Heads turn when a former cop of nearly 35 years suggests that the government should offer heroin addicts their drugs in a controlled setting rather than arresting and prosecuting them. Yes, Uncle Sam would supply citizens with heroin, folks! That is just one of many ideas Major Neill Franklin, the former Maryland state trooper and Baltimore City police officer, shared at a recent Baltimore Circles Of Voices gathering as he spoke on behalf of Law Enforcement Officers Against Prohibition (LEAP) about ending the drug war. To a veteran public defender, it's music to my ears.

Just as Donald Trump takes office, the "other side" seems to have finally arrived at the reform table of drug policy debate. Some of those who originally "declared" war have begun to adopt a more progressive agenda. Criminal justice reform—be it changing drug policy, ending cash bail, or eliminating sentencing disparities—reaches a tipping point when prosecutors and law enforcement officials come to their senses and join leaders for change. Then, lawmakers start listening. That's why movements like Justice Reinvestment, a national push for smarter, less punitive sentencing for certain offenses, have worked. We still have a way to go toward serious drug reform and the new presidential administration casts doubt over whether any progress will be made in the coming years. So, I'd suggest some tactical maneuvering.

With his message, Major Franklin highlights the endless costs of the war on drugs, which is really a war on people, specifically African-Americans, in our country. I attribute my career, spent entirely as a public defender in Baltimore City, to the war. Besides handling drug cases, I have to contend with irreversible criminal records, a lack of alternative sentencing options, a dearth of mental health and drug treatment programs, mass incarceration, and poverty with all of my work. Most of this can be traced to drug policies which came into play in the early 1970s and are still around today. I often feel like a field medic roaming the battlefield, dressing wounds, and occasionally saving lives. I have become an indispensable part of the machine—a cost.

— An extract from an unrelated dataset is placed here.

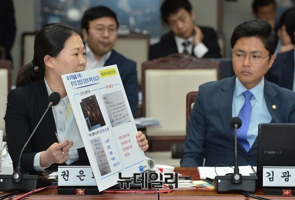 국방위원회 2015 국정감사가 10일 오전 국방부에서 열린 가운데 새정치민주연합 권은희 의원이 중국군 유해에 관해 질문하고 있다.

Besides listening to Major Franklin, audience members' stories at the Circles Of Voices discussion underscored the war's effects. One man described how, growing up, both of his parents were addicted to drugs, and the stigma that attached to them. Another person had a close friend who was tragically killed by police while accepting a package of marijuana delivered by mail. A young woman spoke of a brother who is jailed for drug offenses leaving her a skeptic of the justice system. A former addict revealed how entrenched in the drug culture she was while using and how her life today was so removed from that experience. A former prosecutor in attendance once saw to it that my own client receive a lengthy mandatory sentence for a drug offense, but I didn't get to hear their thoughts. The numerous stories were powerful among the majority white audience.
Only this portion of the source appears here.